In fact, poly relationships are more likely to be eroded by minutiae than by melodrama: problems such as scheduling decent time together and deciding who should take out the rubbish. Quoting a favourite poly axiom, Labriola says: "Love is infinite but time and energy are not." After all, many people have scarcely enough time for one relationship these days. For a while, the Ravenhearts solved the time problem by putting a sleeping schedule on the refrigerator, in which each person spent two consecutive nights with each of their lovers and one night alone (even polys need personal time).

The Ravenhearts have worked out many of the problems that plague co-habiting polys, such as how to share money and space. Each person has their own private account, and contributes to a family account for groceries, rent and utility bills. As for their living arrangements, it helps that they have a large house: "Everyone has their own room and an office as well," Oberon explains. "We've found it essential for people to have personal space." Since they often don't bother with clothes, it also helps that they are all comfortable with nudity (including Oberon's 87-year-old mother-in-law, who has her own cottage on the property).

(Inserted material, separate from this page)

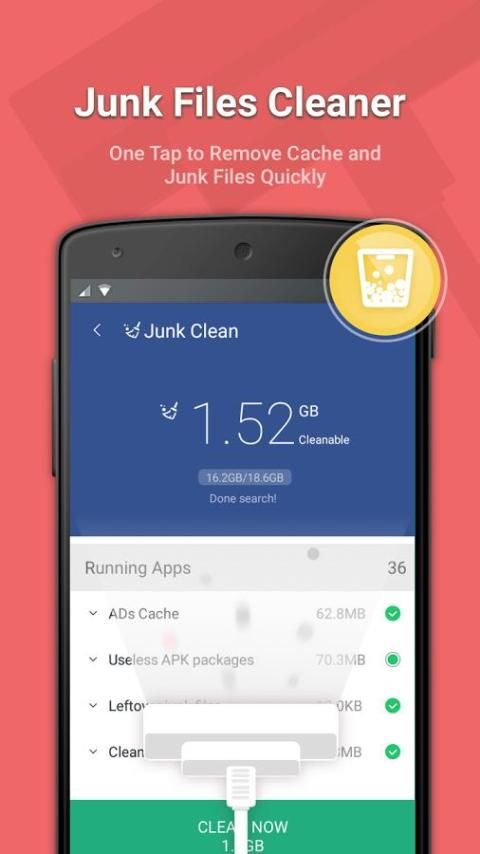 साफ एक नल के लिए और अपने फोन स्मृति का अनुकूलन, बेहतर प्रदर्शन के साथ कार्य कर अपने फोन को मिलता है। एप्लिकेशन को बल समाप्त होने से बैकएंड प्रक्रियाओं में मदद कर सकते हैं। आप हमारे बेहतर फोन अनुकूलन कलन विधि द्वारा एक बढ़ावा बाद एक और अधिक चिकनी ऑनलाइन अनुभव का आनंद जाएगा;

Living together can be tough for anybody, but particularly for polys. "It is hard enough to find one person, let alone two or three, that you are compatible with in terms of managing money, housework and raising children," says Labriola.

When Jonathan Jonas, his wife Deanna and their son moved in with Martha and Don Moore, and their two sons, each family had their own way of doing things and it was difficult to integrate the two. "We tried to fuse two nuclear households and instead we had a meltdown," Martha recalls.

If polyamory is so hard, why bother? For many, it is a hankering for community. Oberon argues that we have become increasingly alienated, partly because of the 20th century's replacement of the extended family with the nuclear family. As a result, many of us are striving "to create complex and deep relationships through extended networks of multiple lovers and extended families". Many polys believe that children also benefit from living in stable, extended poly families (more adults to share the work). Oberon's utopia is attractive, but if just three find it hard to live together, then his vision may be something of a midsummer night's dream.

A more compelling argument for polyamory is human nature. Since so many people are already non-monogamous, why not develop a non-monogamy that is honest, responsible and socially acceptable? Grant says: "It seems weird that having affairs is OK but being upfront about it is rocking the boat." Polys agree that some people are monogamous by nature. But some of us are not, and more and more are refusing to be shoehorned into monogamy. You yourself may already live next door to Mr and Mr and Mrs Jones.